───── Supplied data

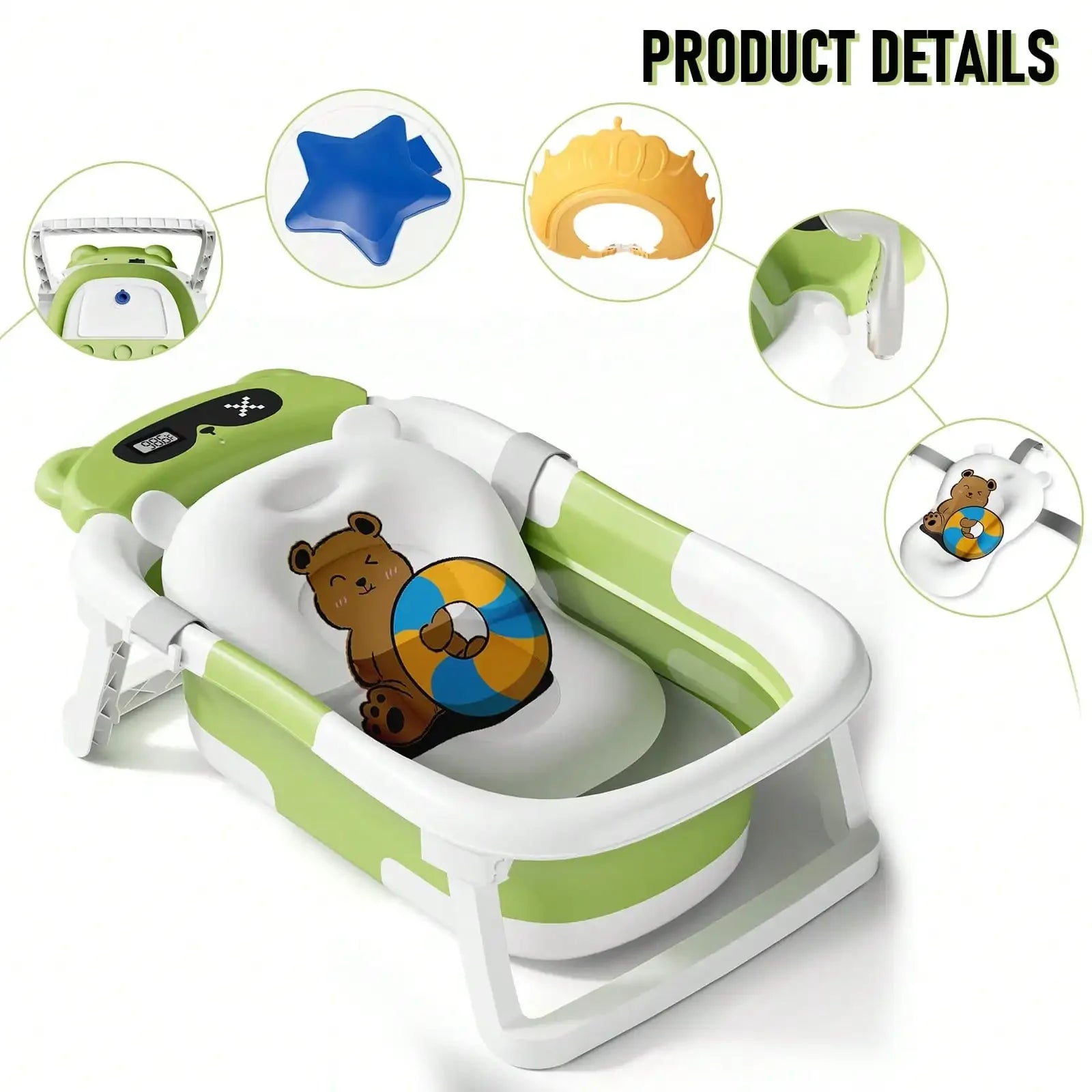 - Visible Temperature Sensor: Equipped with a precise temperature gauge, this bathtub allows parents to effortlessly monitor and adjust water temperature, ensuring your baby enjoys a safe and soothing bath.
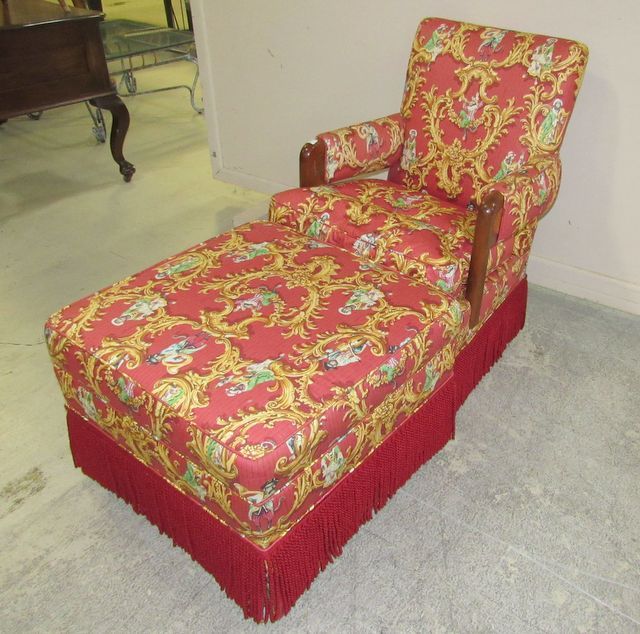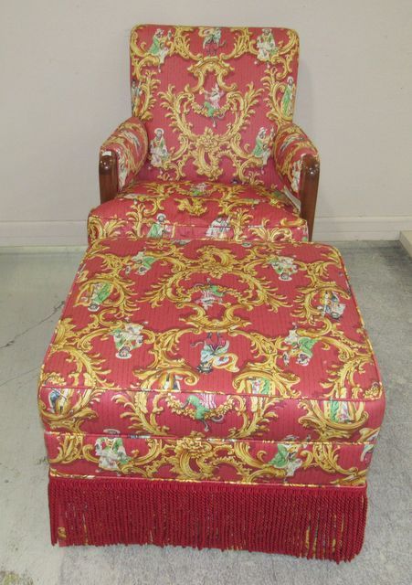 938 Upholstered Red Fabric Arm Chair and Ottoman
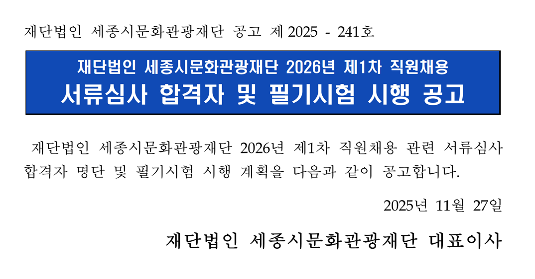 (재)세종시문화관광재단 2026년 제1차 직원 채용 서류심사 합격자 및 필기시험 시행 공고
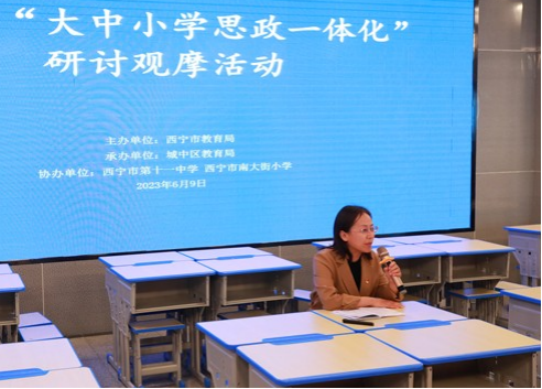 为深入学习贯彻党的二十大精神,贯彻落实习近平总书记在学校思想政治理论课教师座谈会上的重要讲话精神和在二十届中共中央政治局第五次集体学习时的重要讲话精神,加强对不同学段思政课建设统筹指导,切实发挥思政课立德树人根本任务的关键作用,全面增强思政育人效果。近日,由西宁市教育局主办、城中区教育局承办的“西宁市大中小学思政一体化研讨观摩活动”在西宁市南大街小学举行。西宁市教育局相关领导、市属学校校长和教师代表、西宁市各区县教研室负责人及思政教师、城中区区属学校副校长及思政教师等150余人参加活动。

──────────

Give back every line of the material above word for word, leaving out the pictures.

 - Visible Temperature Sensor: Equipped with a precise temperature gauge, this bathtub allows parents to effortlessly monitor and adjust water temperature, ensuring your baby enjoys a safe and soothing bath.
 938 Upholstered Red Fabric Arm Chair and Ottoman
 (재)세종시문화관광재단 2026년 제1차 직원 채용 서류심사 합격자 및 필기시험 시행 공고
 为深入学习贯彻党的二十大精神,贯彻落实习近平总书记在学校思想政治理论课教师座谈会上的重要讲话精神和在二十届中共中央政治局第五次集体学习时的重要讲话精神,加强对不同学段思政课建设统筹指导,切实发挥思政课立德树人根本任务的关键作用,全面增强思政育人效果。近日,由西宁市教育局主办、城中区教育局承办的“西宁市大中小学思政一体化研讨观摩活动”在西宁市南大街小学举行。西宁市教育局相关领导、市属学校校长和教师代表、西宁市各区县教研室负责人及思政教师、城中区区属学校副校长及思政教师等150余人参加活动。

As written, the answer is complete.